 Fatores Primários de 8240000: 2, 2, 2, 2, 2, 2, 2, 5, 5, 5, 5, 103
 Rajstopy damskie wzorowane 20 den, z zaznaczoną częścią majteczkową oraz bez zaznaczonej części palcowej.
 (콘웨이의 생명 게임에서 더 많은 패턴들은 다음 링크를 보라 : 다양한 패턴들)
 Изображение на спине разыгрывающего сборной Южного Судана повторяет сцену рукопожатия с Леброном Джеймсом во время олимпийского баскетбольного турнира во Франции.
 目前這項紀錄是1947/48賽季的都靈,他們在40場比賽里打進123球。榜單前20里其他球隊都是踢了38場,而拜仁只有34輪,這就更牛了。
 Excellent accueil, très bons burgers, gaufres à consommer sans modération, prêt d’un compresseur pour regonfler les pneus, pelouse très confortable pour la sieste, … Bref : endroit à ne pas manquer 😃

...

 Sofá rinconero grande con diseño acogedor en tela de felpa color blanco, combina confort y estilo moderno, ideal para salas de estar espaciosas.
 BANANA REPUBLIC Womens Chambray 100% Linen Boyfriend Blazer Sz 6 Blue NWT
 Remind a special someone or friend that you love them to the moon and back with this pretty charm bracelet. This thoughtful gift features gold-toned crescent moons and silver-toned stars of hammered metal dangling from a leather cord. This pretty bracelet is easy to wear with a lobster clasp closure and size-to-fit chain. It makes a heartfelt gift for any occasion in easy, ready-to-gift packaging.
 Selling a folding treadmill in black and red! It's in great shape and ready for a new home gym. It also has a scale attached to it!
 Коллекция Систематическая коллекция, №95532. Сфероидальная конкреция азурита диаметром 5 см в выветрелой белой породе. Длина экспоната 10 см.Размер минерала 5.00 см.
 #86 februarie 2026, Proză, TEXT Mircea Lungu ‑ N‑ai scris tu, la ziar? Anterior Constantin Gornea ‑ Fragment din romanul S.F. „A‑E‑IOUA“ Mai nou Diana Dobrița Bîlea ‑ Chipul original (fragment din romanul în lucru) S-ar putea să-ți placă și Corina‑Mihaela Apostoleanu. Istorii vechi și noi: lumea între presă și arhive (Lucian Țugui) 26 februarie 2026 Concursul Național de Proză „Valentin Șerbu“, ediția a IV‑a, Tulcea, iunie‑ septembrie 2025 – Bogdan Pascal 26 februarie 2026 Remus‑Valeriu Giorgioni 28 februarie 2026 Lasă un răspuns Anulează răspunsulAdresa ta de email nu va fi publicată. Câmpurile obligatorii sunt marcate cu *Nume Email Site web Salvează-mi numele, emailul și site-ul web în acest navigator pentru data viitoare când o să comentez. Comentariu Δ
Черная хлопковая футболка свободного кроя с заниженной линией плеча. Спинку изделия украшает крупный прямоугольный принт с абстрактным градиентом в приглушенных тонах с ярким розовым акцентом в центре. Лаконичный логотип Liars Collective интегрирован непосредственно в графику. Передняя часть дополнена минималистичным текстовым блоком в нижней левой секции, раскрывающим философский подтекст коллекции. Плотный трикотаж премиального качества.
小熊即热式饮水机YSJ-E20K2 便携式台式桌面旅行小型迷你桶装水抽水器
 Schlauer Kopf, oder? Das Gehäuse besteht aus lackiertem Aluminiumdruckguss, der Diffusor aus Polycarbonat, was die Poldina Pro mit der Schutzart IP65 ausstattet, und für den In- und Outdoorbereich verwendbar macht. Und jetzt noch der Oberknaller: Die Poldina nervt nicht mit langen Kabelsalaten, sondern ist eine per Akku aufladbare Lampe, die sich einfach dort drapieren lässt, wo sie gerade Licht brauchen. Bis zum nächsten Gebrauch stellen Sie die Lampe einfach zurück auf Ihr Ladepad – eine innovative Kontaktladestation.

Work task: Going back over the entries above, copy word for word every line from the one that has "Remind a special" on through the one that has "Коллекция Систематическая коллекция, №95532.".

Exercise answer:
 Remind a special someone or friend that you love them to the moon and back with this pretty charm bracelet. This thoughtful gift features gold-toned crescent moons and silver-toned stars of hammered metal dangling from a leather cord. This pretty bracelet is easy to wear with a lobster clasp closure and size-to-fit chain. It makes a heartfelt gift for any occasion in easy, ready-to-gift packaging.
 Selling a folding treadmill in black and red! It's in great shape and ready for a new home gym. It also has a scale attached to it!
 Коллекция Систематическая коллекция, №95532. Сфероидальная конкреция азурита диаметром 5 см в выветрелой белой породе. Длина экспоната 10 см.Размер минерала 5.00 см.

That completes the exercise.